How to Make a Protein Shake or Smoothie
Photo by Tijana Drndarski
Shakes and smoothies may be the simplest and most effective way to supplement your diet with protein and other essential nutrients that you may be missing out on throughout your day.
The good news is, there are no skills or prerequisites to making a smoothie. That’s right, you can be wholly inept in the kitchen and still manage to fix yourself a great tasting and nutritious smoothie. If you can put things in a blender, you’re good to go.
The following are 4 simple steps to creating an effective smoothie. Don’t be afraid to get creative and stray from the lists of ingredients provided. Smoothies are a great way to consume foods that you wouldn’t normally, but should, consume (i.e. probiotics, kale, spinach). When you start to look at smoothies as simply a vehicle for healthy foods you’ll find fun new ways to balance both nutrition and taste.
STEP 1: PICK A DAIRY FREE BASE
The reason we specifically say “dairy free” is because dairy bases like milk and yogurt are not paleo, but if you can tolerate it, feel free to indulge. For the rest of us, the most commonly used bases to use are coconut milk, almond milk and cashew milk. Most of these come in cartons and at times are filled with gums and other fillers that you want to avoid. If your going for thickness cashew milk and coconut milk are your best bet. Once you’ve decided which base to use, pour about 1 – 1 1/2 cups of liquid.
BEST CHOICE: Canned Coconut Milk and Water. Canned coconut milk is the optimal choice in smoothies for 2 reasons: 1) it provides a thick texture that the cartoned milks can’t replicate and 2) it’s pure coconut milk, loaded with all the healthy fats and has less additives. You only need about a 1/3 cup of this stuff and you can just add water for the remaining liquid.
STEP 2: ADD SOME ULTIMATE PALEO PROTEIN
Throw in your favorite Ultimate Paleo Protein powder.
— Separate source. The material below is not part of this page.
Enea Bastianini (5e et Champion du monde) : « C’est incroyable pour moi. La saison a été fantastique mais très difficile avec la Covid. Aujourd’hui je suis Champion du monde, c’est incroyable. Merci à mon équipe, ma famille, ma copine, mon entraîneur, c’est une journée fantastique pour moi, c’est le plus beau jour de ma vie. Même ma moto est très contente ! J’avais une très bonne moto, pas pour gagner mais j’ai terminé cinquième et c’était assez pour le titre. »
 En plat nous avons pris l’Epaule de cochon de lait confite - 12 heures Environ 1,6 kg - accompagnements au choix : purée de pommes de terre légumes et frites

Both our performance formula and original formula add a nice fluffy texture and perfectly sweet flavor to each smoothie or shake. Simply pick your favorite and add a scoop to the base. Each scoop contains over 23 grams of protein!
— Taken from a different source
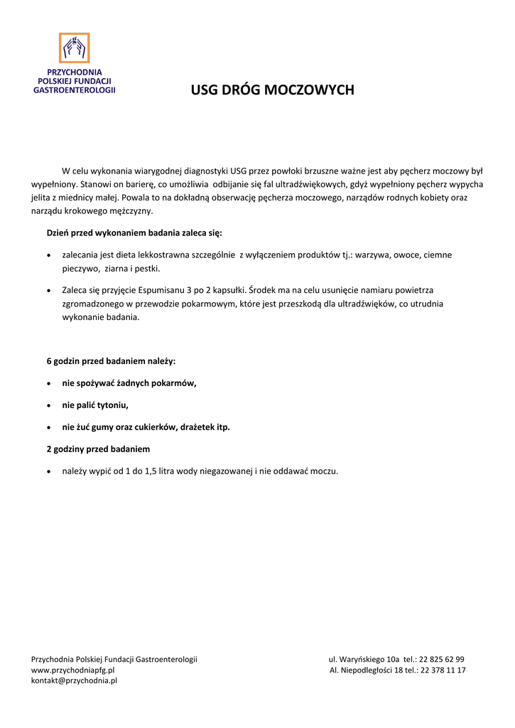USG DRÓG MOCZOWYCH W celu wykonania wiarygodnej diagnostyki USG przez powłoki brzuszne ważne jest aby pęcherz moczowy był wypełniony. Stanowi on barierę, co umożliwia odbijanie się fal ultradźwiękowych, gdyż wypełniony pęcherz wypycha jelita z miednicy małej. Powala to na dokładną obserwację pęcherza moczowego, narządów rodnych kobiety oraz narządu krokowego mężczyzny. Dzień przed wykonaniem badania zaleca się: zalecania jest dieta lekkostrawna szczególnie z wyłączeniem produktów tj.: warzywa, owoce, ciemne pieczywo, ziarna i pestki. Zaleca się przyjęcie Espumisanu 3 po 2 kapsułki. Środek ma na celu usunięcie namiaru powietrza zgromadzonego w przewodzie pokarmowym, które jest przeszkodą dla ultradźwięków, co utrudnia wykonanie badania. 6 godzin przed badaniem należy: nie spożywać żadnych pokarmów, nie palić tytoniu, nie żuć gumy oraz cukierków, drażetek itp. 2 godziny przed badaniem należy wypić od 1 do 1,5 litra wody niegazowanej i nie oddawać moczu. Przychodnia Polskiej Fundacji Gastroenterologii www.przychodniapfg.pl [email protected] ul. Waryńskiego 10a tel.: 22 825 62 99 Al. Niepodległości 18 tel.: 22 378 11 17
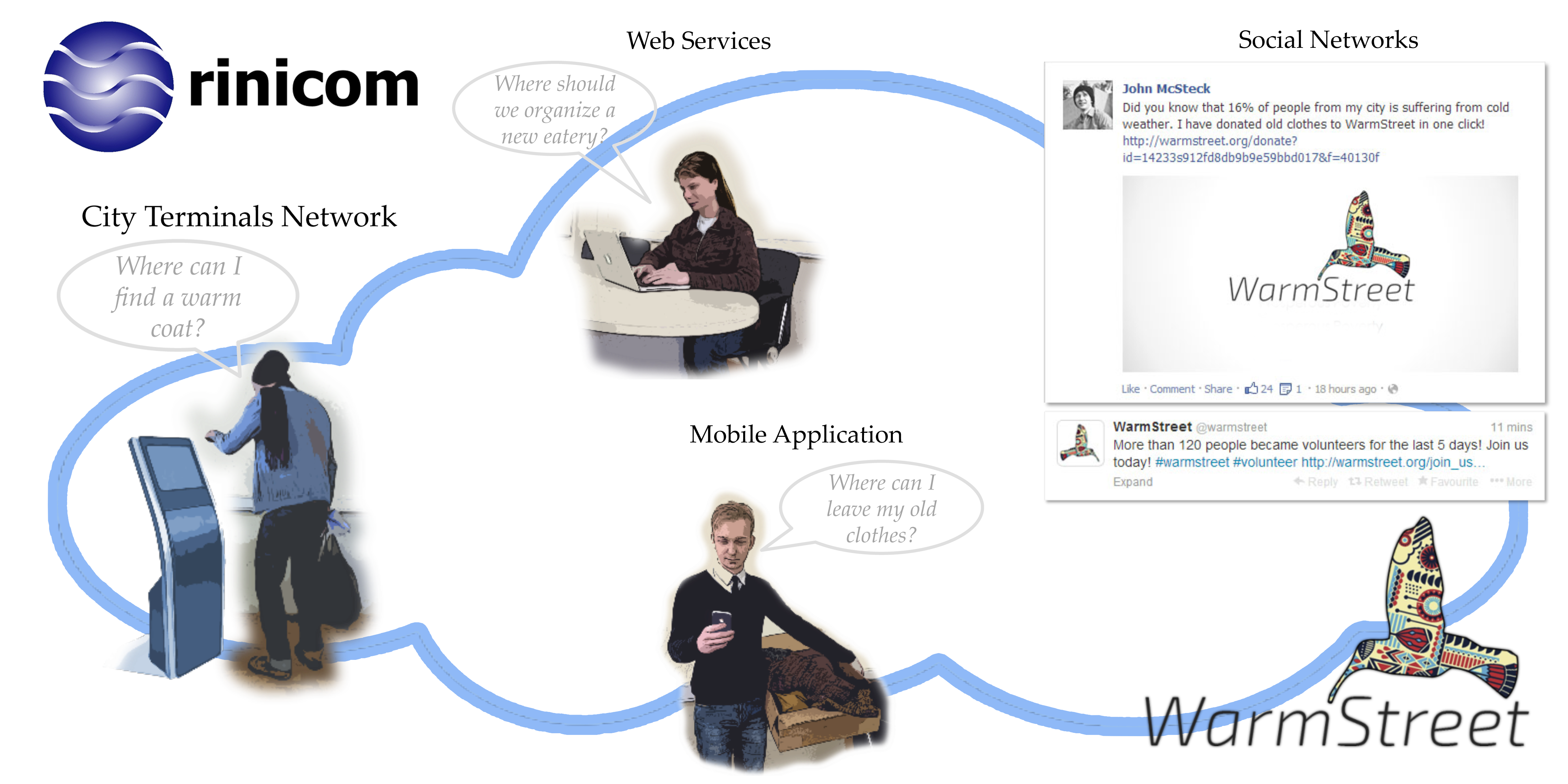 WarmStreet creates a solidary web portal to network social services, charity organisations, economic partners, citizens and people experiencing poverty and social exclusion and provide timely assistance to those that are most vulnerable. The Challenge The fight against poverty and social exclusion is at the heart of the European strategy for smart, sustainable and inclusive growth. More than 120 million people in the EU are at social risk while the economic crisis undermines the sustainability of social protection systems. Great potential to address social challenges is now seen in innovative civil society engagement forms. The active involvement of governments, social and economic partners, citizens and vulnerable people is catalytic in producing effective sustainable results, as projects evolve into lasting collaborations. The challenge is to make available collaborative spaces where social and technological innovations combine to ease the creation of successful social endeavours fighting poverty and social exclusion. The Solution WarmStreet combines web services, mobile applications and social networks as a services platform to build an online community linking those in need and those willing to minimise the burden of poverty and social exclusion. Target group and social impact WarmStreet is ideal for social services, charity organisations, economic partners and citizens wanting to help minimise the burden of poverty and social exclusion in their community, by tracking assistance requests and providing services that benefit the lives of those most vulnerable. As a promising social innovation platform, WarmStreet engages the civil society in creating and sustaining the ecosystem required to meet social challenges and make a positive difference in individuals, families and the involving community. The impact of WarmStreet's socio-economic benefits is even larger when considering the collection of valuable data to help monitor poverty and social exclusion and its contribution to lessen the burden on local, regional and national public social services systems. Competences of the applicant Rinicom is a leading provider of internet-based communications and information systems, such as Good Citizen, comprising online platform and mobile applications linking citizens to emergency response organisations. Rinicom's team gathers solid skills, competences and experience in the development of online platforms, mobile applications and wireless secure communications.

TIP: Once you’ve added both your base and your protein, briefly blend until powder has dissolved. This ensures that the protein powder doesn’t spray when the frozen ingredients are added.
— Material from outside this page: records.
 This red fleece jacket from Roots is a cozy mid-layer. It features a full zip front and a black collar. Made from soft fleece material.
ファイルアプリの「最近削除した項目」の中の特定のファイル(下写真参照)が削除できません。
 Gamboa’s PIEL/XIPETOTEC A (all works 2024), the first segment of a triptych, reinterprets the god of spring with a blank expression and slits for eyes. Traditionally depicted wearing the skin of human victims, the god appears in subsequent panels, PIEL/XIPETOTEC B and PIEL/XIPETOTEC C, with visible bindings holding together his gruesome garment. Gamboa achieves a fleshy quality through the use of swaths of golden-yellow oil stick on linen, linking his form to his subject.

STEP 3: ADD SOME FRUITS & VEGGIES
This is where you can get creative. Pick your favorite flavors and mix and match until you land on something tasty! If you struggle to eat enough veggies throughout the day this is the perfect opportunity to throw in some spinach, kale and other superfood vegetables. You’ll find that the vegetables flavors are subtle or almost non-existent (if your skeptical, try our Shamrock Shake). If you use frozen fruits and veggies the you can add little to no ice at the end. If they are not frozen add 5-6 ice cubes.
BEST CHOICE: Bananas and avocados go well with just about every flavor. Bananas provide a subtle sweetness while the avocados thicken the shake and are a great source of healthy fats.
STEP 4: ADD SOME HEALTHY BOOSTS
“Healthy Boosts” is simply a general term to refer to any additional ingredient you think might add nutritional value to your shake or smoothie. Don’t be afraid to branch out and get creative. If you struggle to get enough probiotics throughout your day, this is a great opportunity to fulfill that need.
BEST CHOICE: Dynamic Fruits & Greens is like a multivitamin in powder form. It contains over 20 servings of fruits and veggies per scoop! Plus it comes in an assortment of flavors like chocolate, espresso, berry, grape and more.
Shakes and smoothies are a super easy way to fill the gaps in your diet. It’s the most painless way to make sure you’re getting adequate protein, healthy fats and other nutrients. And on top of all that, they taste amazing!